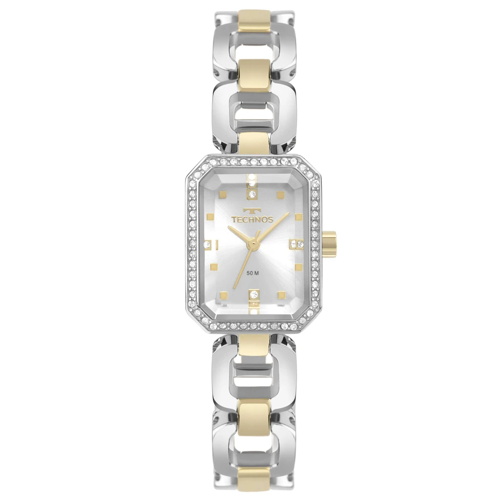 O novo modelo da linha Elos oferece a diferenciada presença do vidro facetado e aplicação de pedras por todo o aro externo. Ele apresenta a clássica pulseira de elos sólidos com fecho de joia, e um mostrador elegante, que também conta com a aplicação de pedras delicadas em todos os marcadores de hora. Produto 100% em aço inoxidável, com máquina quartz Japonesa Miyota e resistência à água de 50 metros.
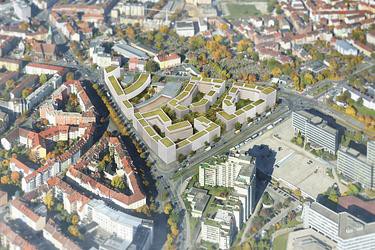 Bildquelle(n): Bilder: Darstellung des zukünftigen Luitpoldviertels in Nürnberg. Visualisierung: KIB Gruppe
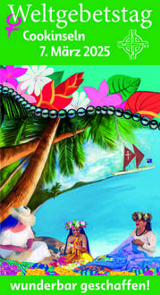 Dieses Jahr entführt uns der Weltgebetstag auf die Cookinseln, eine Inselgruppe aus 15 Inseln weit verstreut im Südpazifik. In dem Tropenparadies ist der Tourismus der wichtigste Wirtschaftszweig, gleichzeitig ist es aber bedroht vom ansteigenden Meeresspiegel, Zykolen und Tiefseebergbau.
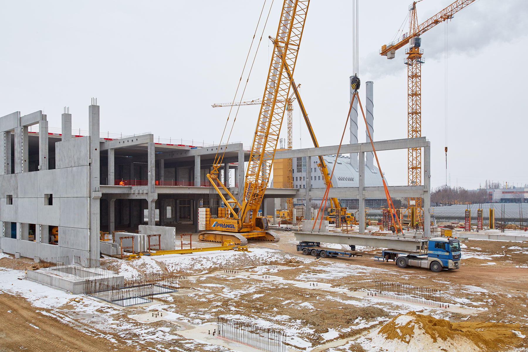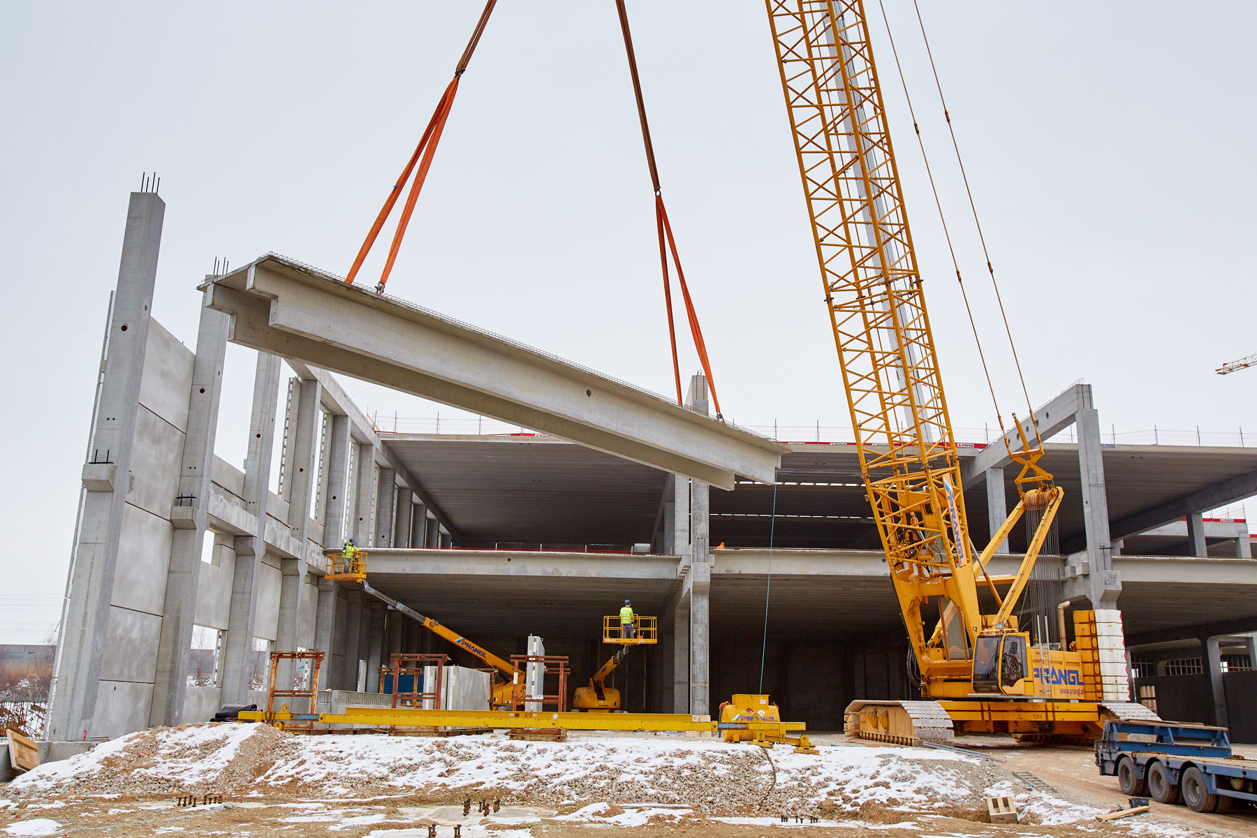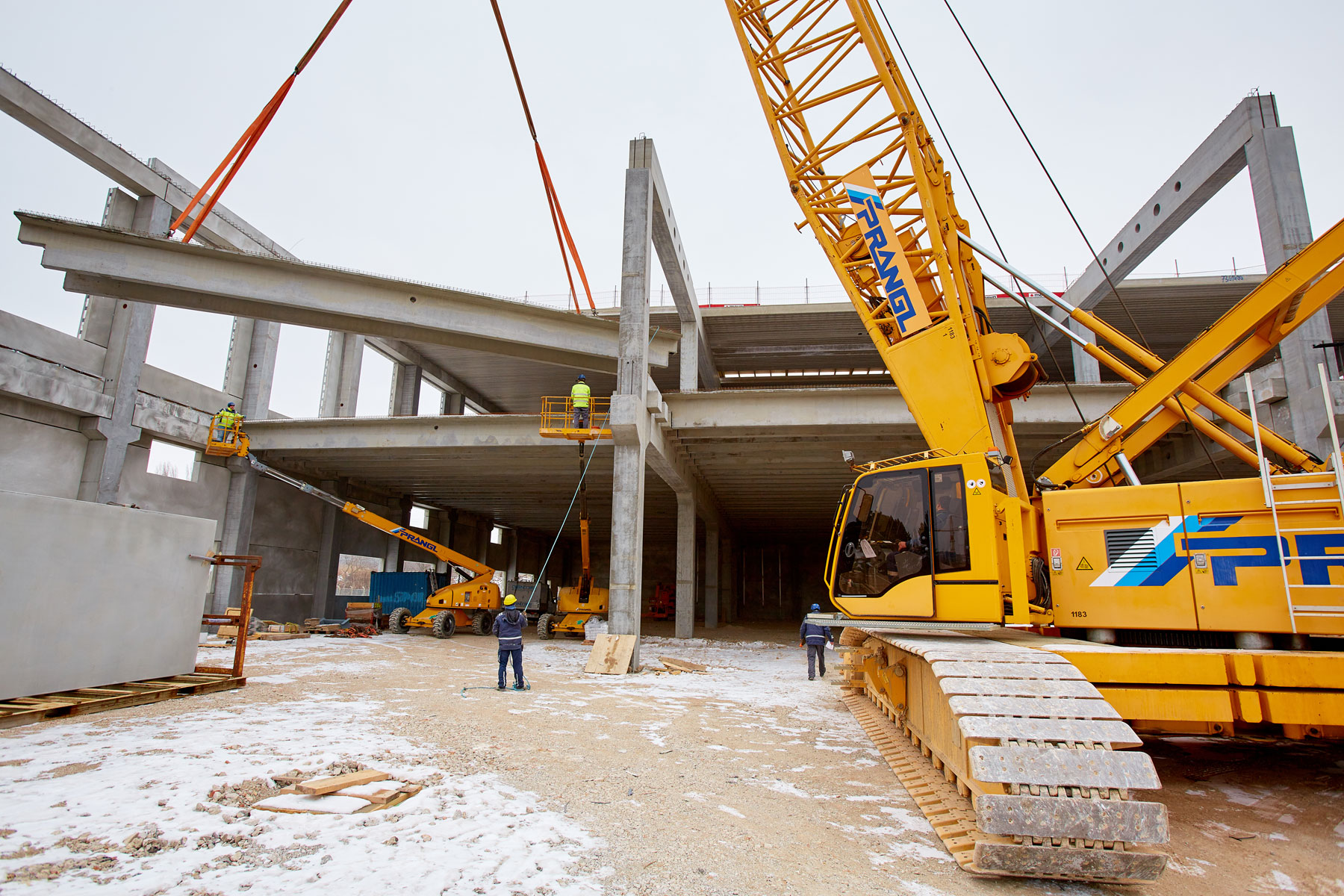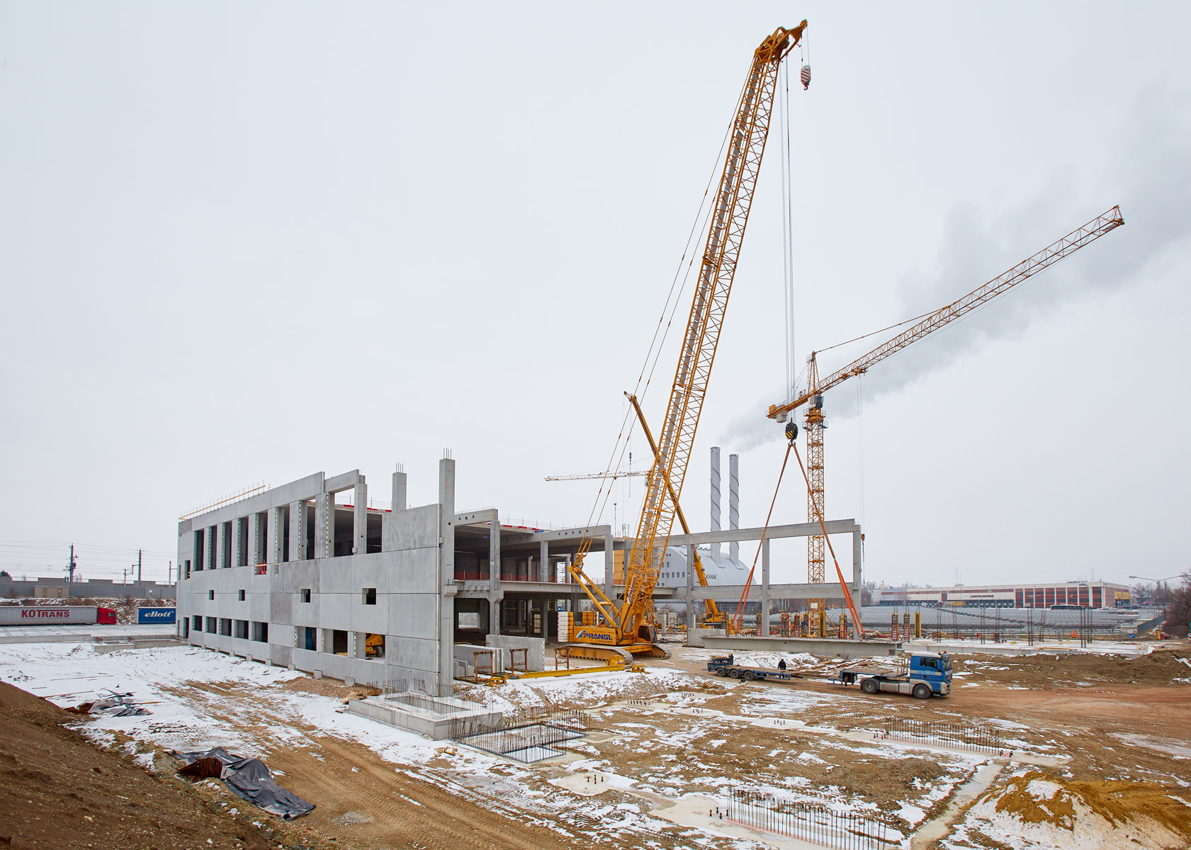 Auf ca. 10 500 m² entsteht bis Frühjahr 2019 eine neue Betriebsanlage mit Büros, Hallen, Verkaufsräumen und einem automatisierten Hochregallager. Prangl betreut die Baustelle nahezu exklusiv mit diversem Equipment, um sämtliche Betonfertigteile, wie z. B. Querträger, Dachträger und Stützen sowie alle Hohlwände und Stiegenhäuser zu verheben.

▶ Directions for this task
Everything above except the pictures needs to be reproduced exactly.

▶ Reply to the exercise
 O novo modelo da linha Elos oferece a diferenciada presença do vidro facetado e aplicação de pedras por todo o aro externo. Ele apresenta a clássica pulseira de elos sólidos com fecho de joia, e um mostrador elegante, que também conta com a aplicação de pedras delicadas em todos os marcadores de hora. Produto 100% em aço inoxidável, com máquina quartz Japonesa Miyota e resistência à água de 50 metros.
 Bildquelle(n): Bilder: Darstellung des zukünftigen Luitpoldviertels in Nürnberg. Visualisierung: KIB Gruppe
 Dieses Jahr entführt uns der Weltgebetstag auf die Cookinseln, eine Inselgruppe aus 15 Inseln weit verstreut im Südpazifik. In dem Tropenparadies ist der Tourismus der wichtigste Wirtschaftszweig, gleichzeitig ist es aber bedroht vom ansteigenden Meeresspiegel, Zykolen und Tiefseebergbau.
 Auf ca. 10 500 m² entsteht bis Frühjahr 2019 eine neue Betriebsanlage mit Büros, Hallen, Verkaufsräumen und einem automatisierten Hochregallager. Prangl betreut die Baustelle nahezu exklusiv mit diversem Equipment, um sämtliche Betonfertigteile, wie z. B. Querträger, Dachträger und Stützen sowie alle Hohlwände und Stiegenhäuser zu verheben.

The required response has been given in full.